Título: Governo `ético¿ e povo cético
Autor: Ubiratan Iorio
Fonte: Jornal do Brasil, 06/06/2005, Outras Opiniões, p. A11

Foi preciso que, após mais de vinte anos bradando contra tudo e contra todos, exigindo CPIs para investigar até roubos de galinhas, caluniando, difamando e execrando, muitas vezes irresponsavelmente, a honra alheia, o Partido dos Trabalhadores chegasse finalmente ao poder, para que a formidável farsa fosse desmascarada, a impecável pose irremediavelmente arranhada e uma até então esconsa deformação de caráter revelada para quem quiser vê-las. A pantomima começou quando, já vitoriosos nas eleições, os ex-proprietários da ''ética'' revelaram aos mais argutos que, rigorosamente, não dispunham de nenhum plano para governar o Brasil, algo que, depois de dois anos e meio, já se torna evidente até para os inocentes que acreditam que fisionomias carregadas sejam sinônimos de seriedade, barbas e cavanhaques indicadores de honorabilidade e linguagem ''politicamente correta'' denotativa de fraternidade.

Após a inacreditável montagem da máquina ministerial com trinta e cinco integrantes batendo cabeças uns com os outros, veio aquela viagem da ex-ministra Benedita da Silva para orar na Argentina com o nosso dinheiro; surgiu aquele prefeito petista de uma cidadezinha de Minas que, após três dias de ''desaparecimento'' - fato que chegou a mobilizar até ministros, aviões e recursos oficiais -, foi encontrado em um hotel, na companhia pouco, digamos, ''ética'', de duas prostitutas; em seguida, o famoso ''caso Waldomiro'', escandaloso para o país, porém sem a menor importância para os homens do governo, dado o seu formidável empenho para que não fosse investigado e caísse no menoscabo, não importa se com os ''is'' pingados ou não...

Agora, esse caso de corrupção na ECT, com o mesmo denodado esforço dos ex-donos da ética para que não seja averiguado. Poderíamos citar inúmeros outros exemplos de falta de compostura pública e de atitudes imorais e anti-éticas por parte de adoradores da estrelinha vermelha, sem que, ao menos, honrassem a sua cor preferida e enrubescessem, nem que por um mínimo de vergonha.

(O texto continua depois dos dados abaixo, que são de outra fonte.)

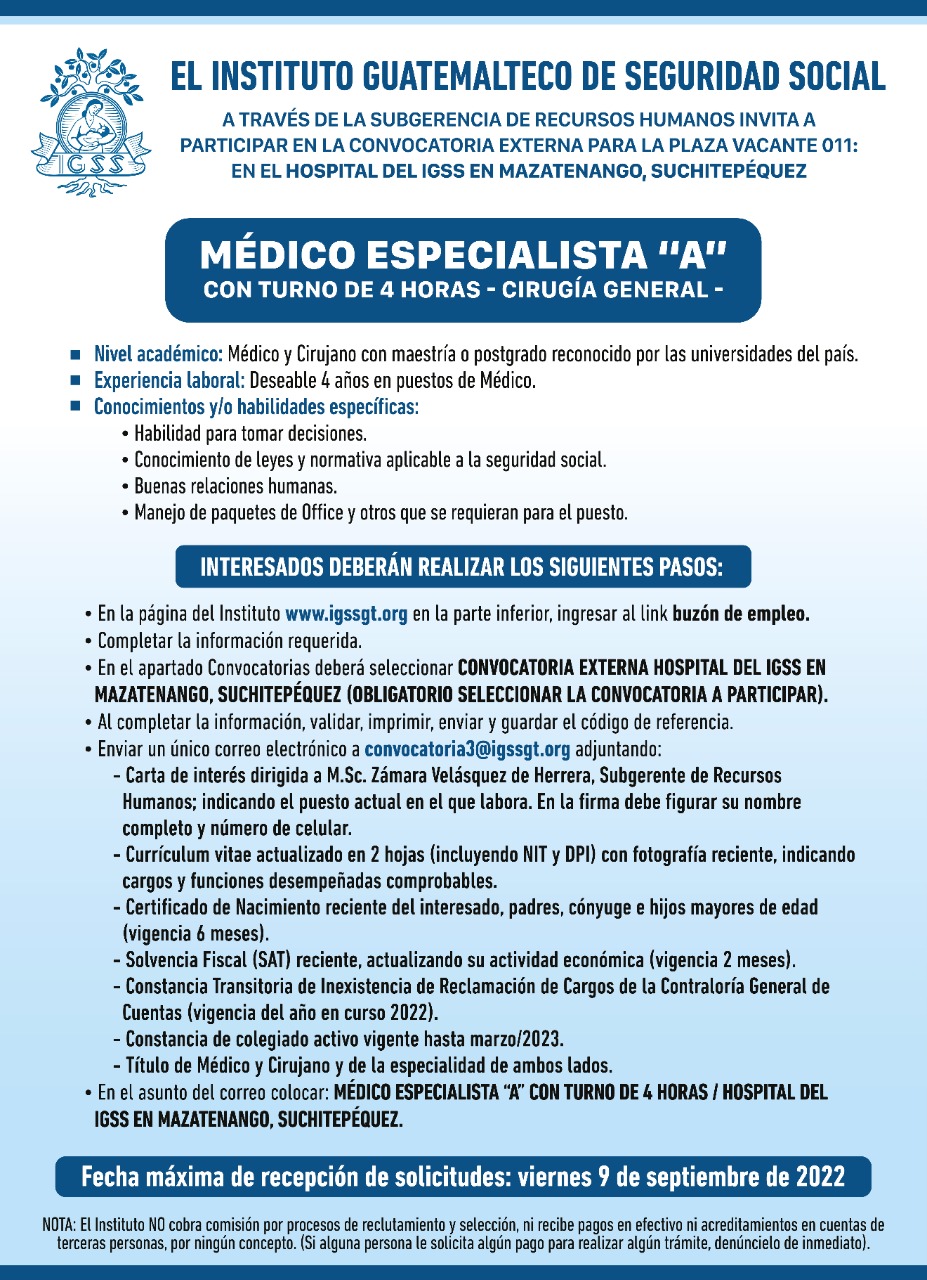 El IGSS invita a participar en la convocatoria de la plaza: Médico Especialista “A” con turno de 4 horas, Cirugía General 30 agosto, 2022 TwitterWhatsAppLinkedin Para el Hospital del IGSS en Mazatenango, Suchitepéquez Fecha límite de recepción de solicitudes: 9 de septiembre de 2022
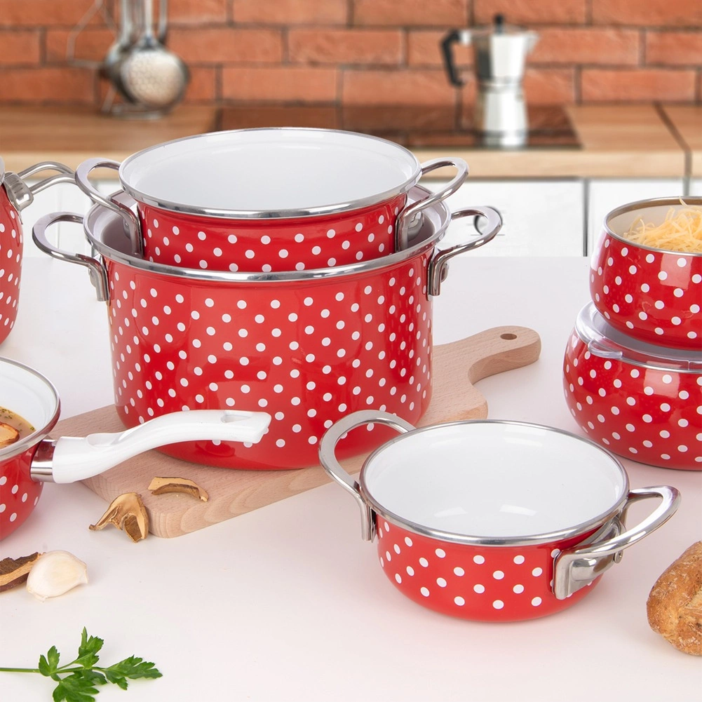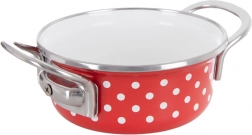 Rdeč emajl z belimi pikami kuhinji doda šarm. Gladka emajlirana površina se zlahka čisti in je primerna za pomivalni stroj.
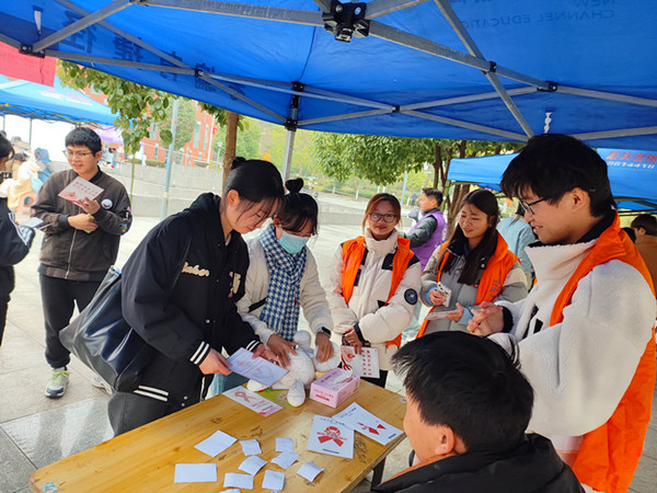 活动现场摆放了防艾宣传语,通过生动的画面和感人的故事,向师生们传递了艾滋病防治的核心信息。为了让防艾知识更加深入人心,活动现场设置了知识问答、互动游戏等互动体验活动环节,通过亲身体验和实践操作,加深对防艾知识的理解和认识。同时,志愿者们还在现场发放了防艾宣传手册和纪念品,让师生们掌握更多防艾知识,传递给更多的人。
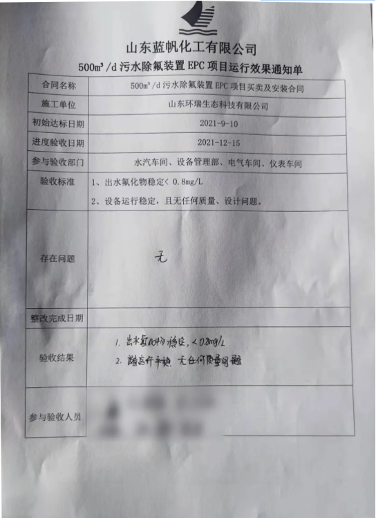 2021年12月15日,我司深度除氟<0.8mg/L項目——《藍帆化工煤造氣廢水深度除氟項目》順利通過竣工驗收!

O PT é um partido como os outros, com a diferença de que nenhum deles declarava-se monopolista da ética! Por isso, deve ser mais cobrado do que os demais. Quem bradava pela abertura de CPIs agora fecha-se em copas, em ouros, espadas e paus - e abre-se em recursos públicos - para abafá-las; quem fazia do FMI eterno bode expiatório, a ele recorreu em momento de necessidade; quem proclamava aos quatro - talvez, até, cinco ou seis - ventos que iria executar uma política econômica ''alternativa'', limitou-se a seguir - endurecendo-a inclusive-, a que foi posta em prática por Pedro Malan e Armínio Fraga; quem prometeu gerar ''dez milhões de empregos'' limitou-se a empregar, na administração direta, no legislativo e nos dinossauros estatais, milhares e milhares de ''companheiros'', incluindo, logicamente, nesse tsunami avassalador sobre os bolsos do contribuinte, os candidatos petistas abatidos pelo voto em 2002 e em 2004; quem jurou que iria reduzir a carga tributária, só fez aumentá-la; quem comprometeu-se a fazer reformas profundas na previdência, na estrutura de impostos e na legislação trabalhista dá agora de ombros, como se os 52 milhões de votos dados ao presidente-viajante nada representassem e como se promessas fossem apenas para atender ao velho dito de La Rochefoulcaud de que ''prometemos segundo nossas esperanças [eleitoreiras]e cumprimos segundo as nossas fraquezas''.

Enfim, uma grande ópera bufa, que transformou a apregoada presunção em malfadada decepção. Vozes influentes do partido alegam que as reformas não são realizadas porque o governo não dispõe de maioria estável no Congresso Nacional, argumento, facilmente refutável com uma pergunta: ''será que vocês não sabiam disso antes, quando estavam na oposição e barravam as mesmas reformas que hoje defendem''? Ou com outra: ''vocês desconhecem que os governos anteriores também não contavam com maioria estável''? Podemos extrair duas lições desse evidente fracasso: a primeira é que nada mudou no quartel de Abrantes e a outra é que tampouco vai se alterar enquanto não implantarmos no Brasil uma reforma política de fôlego, com a instituição de partidos programáticos e não partirmos em direção a um federalismo autêntico.